Remember we said for negative prompting, the only difference is instead of an empty string we use the negative prompt string and we move away from it just like in guidance-free

def make_samples(prompts, negative_prompt=None, g=7.5, seed=100, steps=70):

    batch_size = len(prompts)
    text = text_enc(prompts) 
    uncond_prompt = negative_prompt if negative_prompt else ""
    uncond = text_enc([uncond_prompt] * batch_size, maxlen=text.shape[:-1]) 
    embeddings = torch.cat([uncond, text])
    
    latents = torch.randn(batch_size, unet.config.in_channels, height//8, width//8).half().to("cuda")
    scheduler.set_timesteps(steps)
    latents *= scheduler.init_noise_sigma
    
    for i, t in enumerate(tqdm(scheduler.timesteps)):
        inputs = torch.cat([latents] * 2)
        inputs = scheduler.scale_model_input(inputs, t)
        with torch.no_grad():
            preds = unet(inputs, t, encoder_hidden_states=embeddings).sample
        
        uncond_pred, text_pred = preds.chunk(2)
        preds = uncond_pred + g * (text_pred - uncond_pred)
        latents = scheduler.step(preds, t, latents).prev_sample
        
    
    with torch.no_grad():
        return vae.decode(1 / 0.18215 * latents).sample
from IPython.display import display

prompts = [
    '"Labrador in the style of Vermeer"',
    '"Husky in the style of Vermeer"'
]

images = make_samples(prompts, negative_prompt = "blue", steps=100)
for img in images: display(make_img(img))

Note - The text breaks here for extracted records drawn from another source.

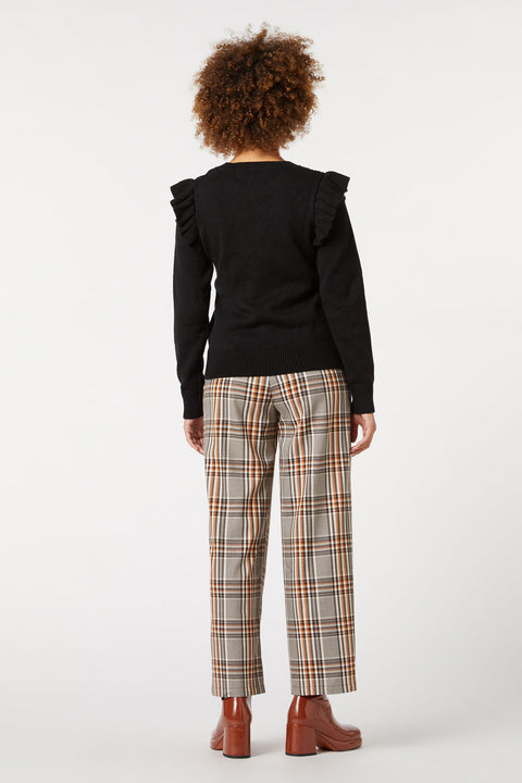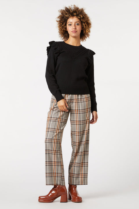 Mys upp i Ruffle Shoulder Sweater från Princess Highway, där sötma möter värme i en symfoni av stil. Denna charmiga tröja, som finns i klassisk svart, har en förtrollande volangdetalj som faller ner över axlarna och ger en lekfull twist till den traditionella vinterplaggen. Mittprydnaden, en slående V-formad kabelstickad detalj, väver sig ner längs framsidan och skapar ett visuellt intresse som är både subtilt och fängslande. Med ribbstickad nederkant, ärmslut och halsringning sitter denna tröja åt alla rätt ställen och erbjuder en åtsittande silhuett som smickrar samtidigt som den håller kylan borta. Tillverkad av en mjuk akryl-bomullsblandning är den den perfekta allierade mot kallare dagar och lovar värme utan att offra stilen. Oavsett om du sitter på ett pittoreskt kafé, strosar genom en bokhandel eller njuter av en vinterpromenad, passar den här tröjan enkelt med dina favoritjeans eller en böljande kjol, vilket gör den till ett mångsidigt tillskott till din garderob som är full av personlighet.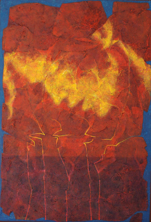 L’esposizione si compone di circa venti tele e tavole che vanno dai lavori sulla linea e la scrittura fino ai recenti volti di donna. Un percorso tra astratto e figurativo che affianca alle grandi tele materiche alcune delle piccole opere segniche recentemente esposte a Cascina Farsetti di Villa Doria Pamphilj a Roma.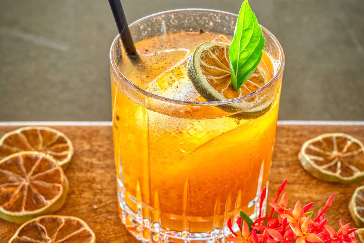 In this cocktail, Crowned Monkey Rum sings harmoniously with the tart acidity courtesy of the tamarind and passion fruit— a special fusion of flavor that can only be found in Nevis, Williams says.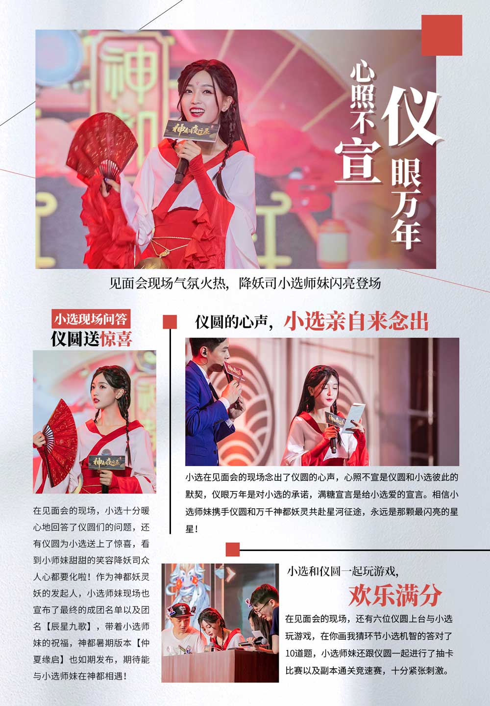 经过数月的激烈选拔和角逐,由降妖司小师妹吴宣仪发起的“神都妖灵妖”虚拟偶像出道选拔大赛完美落幕,7月18日的“神都妖灵妖”成团见面会上,六位优胜妖灵在小选的宣布下正式成团“辰星九歌”出道,并带来了精彩的表演。 见面会中,小选还与仪圆们欢乐互动,尽显可爱俏皮的一面,正式发布的《神都夜行录》暑期班本“仲夏缘启”也赢得了阵阵欢呼。 惊艳登场,互动欢乐多 热衷于降妖卫道的小选在《神都夜行录》中频频现身,引发了寻找“神都宣仪”的热潮。而在7月18日的见面会上,小选更是以降妖司小师妹的古典形象亮相,一袭红装印衬下的甜美与优雅俘获了所有到场观众,“心照不宣,仪眼万年”的口号响彻会场,倍显温馨和热闹。 在接下来的互动环节中,小选暖心地回答了仪圆们的问题,并与《神都夜行录》策划分别与三位幸运粉丝组成队伍进行PK,三局挑战中,小选都表现优异展现了她对《神都夜行录》的了解和不俗的技巧。仪圆们为小选送上的惊喜礼物——北卡蓝灯海也令她泛起了甜美的笑容,两封饱含仪圆真挚喜爱和美好祝愿的信,将见面会的温情氛围推上了高潮。坦诚机智的问答,激烈趣味的挑战,精心准备的惊喜,小选与仪圆们的羁绊,因《神都夜行录》而更加紧密、牢固。 辰星九歌,六妖终成团 本次成团见面会上,六位成功入选的妖灵也是当之无愧的主角,在小选的介绍下,男子组的大司命、应龙、司羿,女子组的少司命、山鬼、阿织相继登台亮相,带来了精美绝伦的走秀表演。 随后,小选还正式公布了神都妖灵妖虚拟偶像团的团名“辰星九歌”,星辰的浪漫神秘与九歌的高阔辽远融于一体,恰到好处地体现了以大司命和少司命领衔的神都妖灵妖天团的实力与魅力。 仲夏缘启,相约降妖司 与“辰星九歌”一同正式登场的,还有《神都夜行录》精心为玩家们准备的暑期版本“仲夏缘启”,与《白蛇:缘起》联动的“缘起千年梦浮生”活动率先开启,全新SSR妖灵“白娘子”携SR妖灵“小青”绝美亮相,当古老的神话传说,唯美的国漫经典与神秘的妖灵世界相遇,必将为玩家们带来新奇而趣味的游戏体验。 联动皮肤“白蛇:缘起”,全新玩法全服Boss及更多暑期版本内容也将陆续登场,伴你欢度暑假。小选也将继续奋战在神都世界,以智慧、勇气和实力捍卫和平,击溃邪魔!你是否会依约来到降妖司,与她并肩作战? “辰星九歌”妖灵天团正式出道,暑期版本“仲夏缘启”如期发布,小选仪圆欢度美好互动时光,本期小选周刊精彩内容为你奉上,登录《神都夜行录》畅享更多欢乐! 【神都夜行录】 国韵之美,归于盛唐。网易新概念妖灵手游《神都夜行录》是一款国风妖怪收集RPG手游!在游戏中,你可以奇遇万千妖灵,体验绝美百妖剧情!盛世大唐,国韵美学,让你亲历神都风志!每有妖物作乱之日,便是降妖师现身之时,让我们一起走进国风妖怪的世界! 《神都夜行录》官网:http://sd.163.com/ 《神都夜行录》微信公众号:神都夜行录 《神都夜行录》官方微博:神都夜行录 《神都夜行录》官方抖音号:神都夜行录降妖司 《神都夜行录》官方贴吧:神都夜行录 《神都夜行录》网易大神:神都夜行录 |
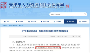 但是天津市人力資源和社會保障局在7月初發(fā)布的《關(guān)于天津市2021年度一級建造師資格考試報(bào)名等有關(guān)事項(xiàng)的通知》顯示,一建成績將在12月底在中國人事考試網(wǎng)進(jìn)行公布。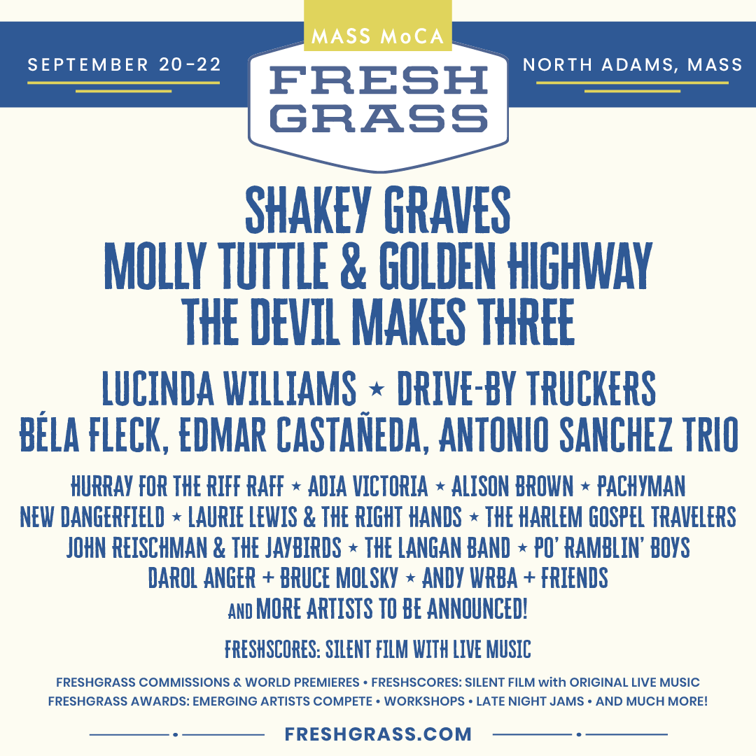Tickets for FreshGrass Festival | North Adams (as well as FreshGrass | Bentonville, which takes place in Arkansas May 19-20 at The Momentary) are available here. Stay tuned via No Depression or at the FreshGrass festival website for more information to come about FreshGrass festival lineups, commissions, awards, event logistics, and more.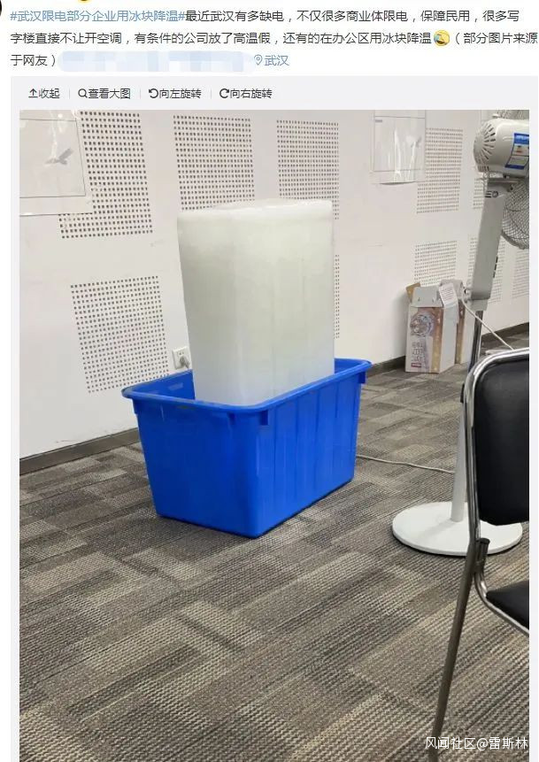 有些寫字樓開不了空調,要麼直接放假,要麼自己買冰塊降温。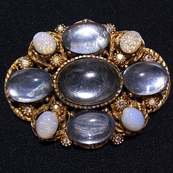 凝った細工のオーバルブローチ ヴィンテージブローチのセール通販 10723B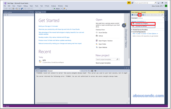 In Team Explorer, open up the Connect page by selecting the Connect icon, and then choose Manage Connections, Connect to Project.
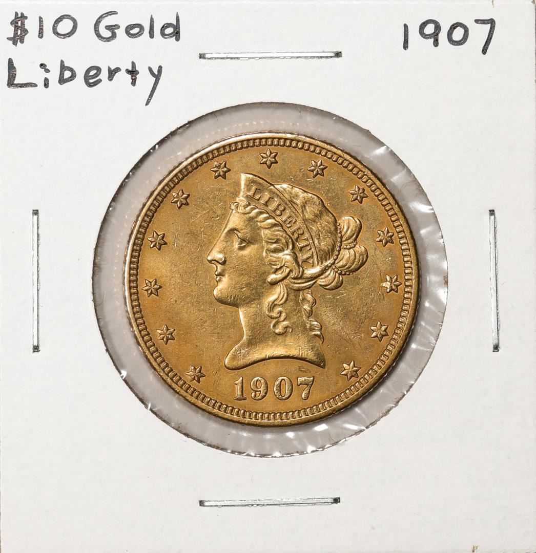 One 1907 $10 Liberty Head Eagle Gold Coin.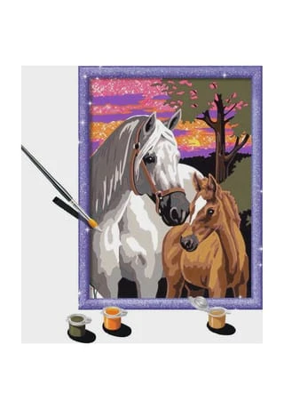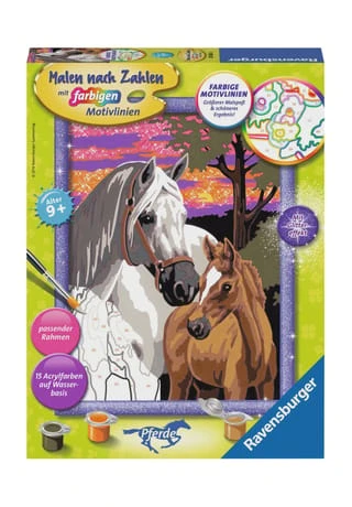 Farbige Motivlinien: Größerer Malspaß & ein schöneres Ergebnis Dank der farbigen Motivlinien, können die Kinder das ganze Motiv Pferde im Sonnenuntergang und die Farben schneller erkennen. Der Pinsel hat eine gute Führung und so entsteht nach und nach ein perfektes Bild.Die schönen Motive zum Ausmalen sind eine tolle Geschenkidee für Kinder ab 9 Jahren und eine schöne Dekoration für das Kinderzimmer. In diesem Malset sind bereits 15 fertig gemischte Acrylfarben enthalten.Mit Malen nach Zahlen von Ravensburger lernen die Kinder Flächen sorgfältig auszumalen, ihr Maltalent zu verbessern sowie feinmotorische Fähigkeiten zu entwickeln. Am Ende stehen Freude, Stolz und ein Erfolgserlebnis, das die Lust am Weitermalen weckt.Die Motive sind altersgerecht in drei Schwierigkeitsstufen umgesetzt: von einfachen Bildern mit wenigen, großen Malflächen bis hin zu Bildern mit vielen, kleinen Malflächen für Fortgeschrittene.Jedes Malset enthält alles, was Künstler zum Malen brauchen und es ist kein Mischen der Farben notwendig. Zusätzlich zur Maltafel, zu den Farben und zum Pinsel, ist in diesem Malset funkelnder Glitter enthalten. Sobald das Motiv fertig ausgemalt ist, wird der Glitter angemischt und aufgetragen. So entsteht wird das Motiv zum Glitzern gebracht.Das Ravensburger Malen nach Zahlen Programm bietet eine große Motivauswahl für Kinder und Erwachsene.

Stable Diffusion Image2Image

This one is a little bit more different. The three key differences are:

  • The latents are not initialized as random noise but instead as the latent version of the init image

  • Instead of scaling the latent with scheduler.init_noise_sigma we now use latents = scheduler.add_noise(encoded, noise, timesteps=torch.tensor([scheduler.timesteps[start_step]])) which essentially computes noisy_samples = original_samples + noise * sigmas and the sigma in this formula is sampled from the specified start_step

  • We start the denoising process after a certain number of steps (start_step) because initially there is too much noise and it will just ruin our initial image

def make_samples(prompts, init_img=None, start_step = 10, g=7.5, seed=100, steps=70):
    batch_size = len(prompts)
    text = text_enc(prompts) 
    uncond = text_enc([""] * batch_size, maxlen=text.shape[:-1]) 
    embeddings = torch.cat([uncond, text])
    scheduler.set_timesteps(steps)
#     latents = torch.randn(batch_size, unet.config.in_channels, height//8, width//8).half().to("cuda")
#     latents *= scheduler.init_noise_sigma
    latents = pil2latent(init_img)
    noise = torch.randn_like(latents)
    latents = scheduler.add_noise(latents, noise, timesteps=torch.tensor([scheduler.timesteps[start_step]]))
    latents = latents.half().to("cuda")
    for i, t in enumerate(tqdm(scheduler.timesteps)):
        if i > start_step:
            inputs = torch.cat([latents] * 2)
            inputs = scheduler.scale_model_input(inputs, t)
            with torch.no_grad():
                preds = unet(inputs, t, encoder_hidden_states=embeddings).sample

            uncond_pred, text_pred = preds.chunk(2)
            preds = uncond_pred + g * (text_pred - uncond_pred)
            latents = scheduler.step(preds, t, latents).prev_sample


    with torch.no_grad():
        return vae.decode(1 / 0.18215 * latents).sample
input_img

from IPython.display import display

prompts = [
    '"A colorful dancer, nat geo photo"'
]

images = make_samples(prompts, init_img = input_img, start_step=15, steps=100)
for img in images: display(make_img(img))

For anyone who found this interesting, this is only the very beginning of all the research that went into diffusion models. You can find much more to dig into (just as I am) once these few steps make sense as they are the foundational elements of diffusion.